Performing the attack

Now we have all the information needed to perform the attack. With access to the CA we can forge certificates for any user we choose because we can extract the CA private key and use it to sign forged certificates. SharpDPAPI can be used to extract those keys.

We are interested in the private keys

Now save this keys to cert.pem and convert it to a pfx using openssl, then use ForgeCert tool to forge a certificate. 123 is the password I typed for the pfx file. Also, the subject should point to the Administrator user in the shura.lab domain.
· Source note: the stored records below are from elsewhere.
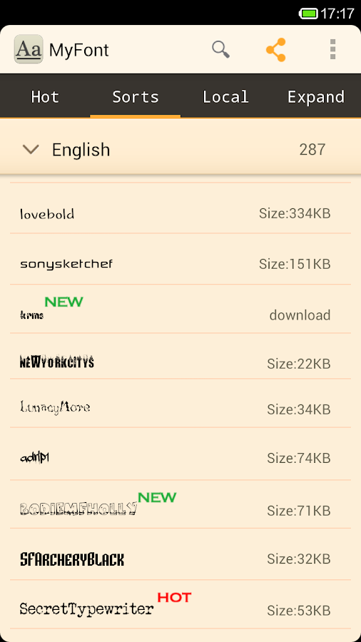 MyFont is designed to installbeautiful fonts on your phone. You can download and use hundreds of fonts to cutify your phone . It ‘s super easy to change your phone’s font.! MyFont assembles hundreds of fancy fonts of differrent styles and is very easy to be applied.Make your font different and change with your mood.
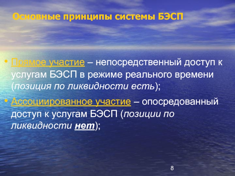 Ассоциированное участие – опосредованный доступ к услугам БЭСП (позиции по ликвидности нет);
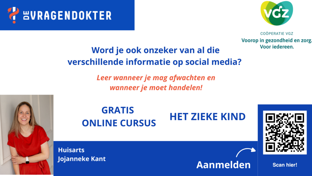 Je bent niet de enige. Zieke kinderen kunnen je onzeker maken, zelfs als het niet de eerste keer is dat ze ziek zijn. Daarom heeft huisarts Jojanneke Kant, bekend onder de naam “De Vragendokter”, in samenwerking met VGZ een gratis cursus ‘Eerste Hulp bij Zieke Kinderen’ gemaakt. In deze cursus leer je wat normaal is, wat je zelf kunt doen zodat je kind zich minder ziek voelt en wanneer je hulp moet inschakelen.
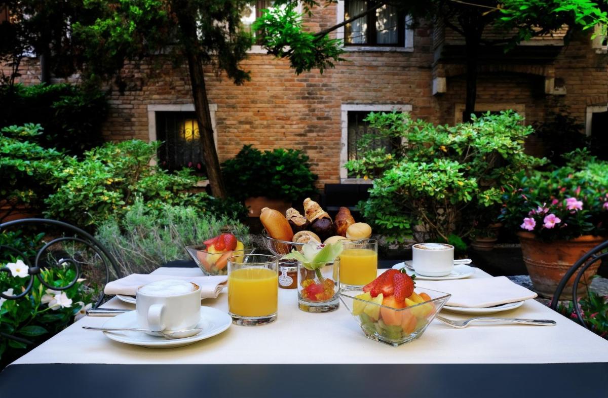 The rich and varied buffet breakfast is served in a room elegantly decorated with antique wood paneling. The hotel is just a few minutes’ walk from some of Venice’s main attractions, such as the La Fenice Theatre and Palazzo Grassi. Its proximity to the Sant’Angelo vaporetto stop further facilitates travel, but most of the wonders of San Marco, including the Basilica and the Doge’s Palace, are reachable with a pleasant walk.

Now move administrator.pfx file to linux, as we need to extract the private and public key from the certificate, these are used by PassTheCert in the authentication process. Certipy can be used for this purpose:

With the two keys extracted, we can authenticate to LDAP using PassTheCert and reset the Administrator password, consequently leading to a full forest compromise

Closing thoughts and Remediations

With this research I aimed to show that trust relationships between domains mean a forest is no longer a security boundary. The attacks I demonstrated are not the only cross forest techniques; there are many more. I also wanted to highlight how powerful the Trust Account can be. Too often it is treated as useful only for basic attacks such as Kerberoasting and ASREPRoasting, when in fact it can perform any action available to a normal domain user.

It is important to avoid sharing critical infrastructure across forests because those shared services can enable lateral and vertical movement, as shown here with ADCS. Each environment should have its own critical infrastructure, including but not limited to SCCM and WSUS. There is no silver bullet to prevent cross forest trust attacks. Implementing zero trust and enforcing least privilege are recommended measures to reduce the risk of cross environment movement.